:: Information provided ::

□ □ □

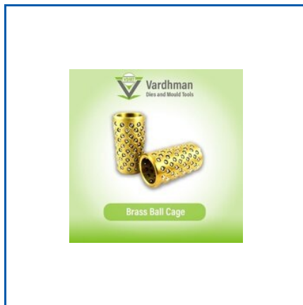
BALL BRASS CAGE
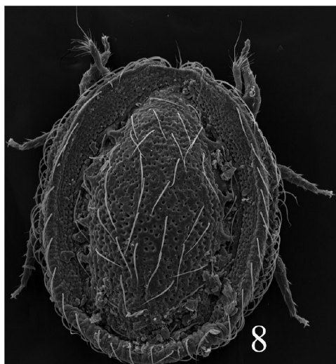
Figs 5-8: Scanning micrographs of Uropodina species from Slovenia: 5: ventral view of Cilliba cassidea (Hermann, 1804); 6: ventral view of Cilliba erlangensis (Hirschmann & Zirnbiegl-Nicol, 1969); 7: dorsal view of Neodiscopoma pulcherrima (Berlese, 1903), 8: dorsal view of Neodiscopoma splendida (Kramer, 1882).

New records: E-2466. Slovenia, Ribčev Laz, leaf litter near the lake Bohinjsko jezero, 03.09.2008. KJ., E-2457. Slovenia, (Sirex), Slovenske Gorice, Slavšina, beech forest 284m a.s.l., N46°31.996'E15°57.631', 25.06.2008. DL+KJ+MD., E-2458. Slovenia, (Sirex), Slovenske Gorice, Slavšina, beech forest 284m a.s.l., N46°31.996'E15°57.631', 25.06.2008. DL+KJ+MD., E-2463. Slovenia, Triglav
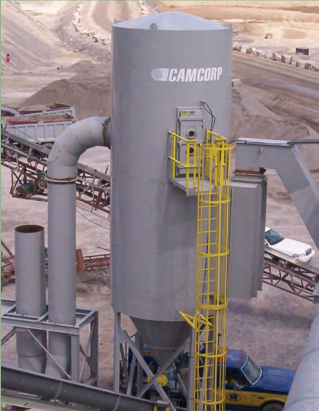
MODEL 8SWF256 ON LIMESTONE DUST AGGREGATE INDUSTRY

□ □ □

:: Task goal ::
Having located the line with "Figs 5-8: Scanning", transcribe exactly and only the lines from it to the final line of the material, skipping the pictures.

:: Output below ::
Figs 5-8: Scanning micrographs of Uropodina species from Slovenia: 5: ventral view of Cilliba cassidea (Hermann, 1804); 6: ventral view of Cilliba erlangensis (Hirschmann & Zirnbiegl-Nicol, 1969); 7: dorsal view of Neodiscopoma pulcherrima (Berlese, 1903), 8: dorsal view of Neodiscopoma splendida (Kramer, 1882).

New records: E-2466. Slovenia, Ribčev Laz, leaf litter near the lake Bohinjsko jezero, 03.09.2008. KJ., E-2457. Slovenia, (Sirex), Slovenske Gorice, Slavšina, beech forest 284m a.s.l., N46°31.996'E15°57.631', 25.06.2008. DL+KJ+MD., E-2458. Slovenia, (Sirex), Slovenske Gorice, Slavšina, beech forest 284m a.s.l., N46°31.996'E15°57.631', 25.06.2008. DL+KJ+MD., E-2463. Slovenia, Triglav
MODEL 8SWF256 ON LIMESTONE DUST AGGREGATE INDUSTRY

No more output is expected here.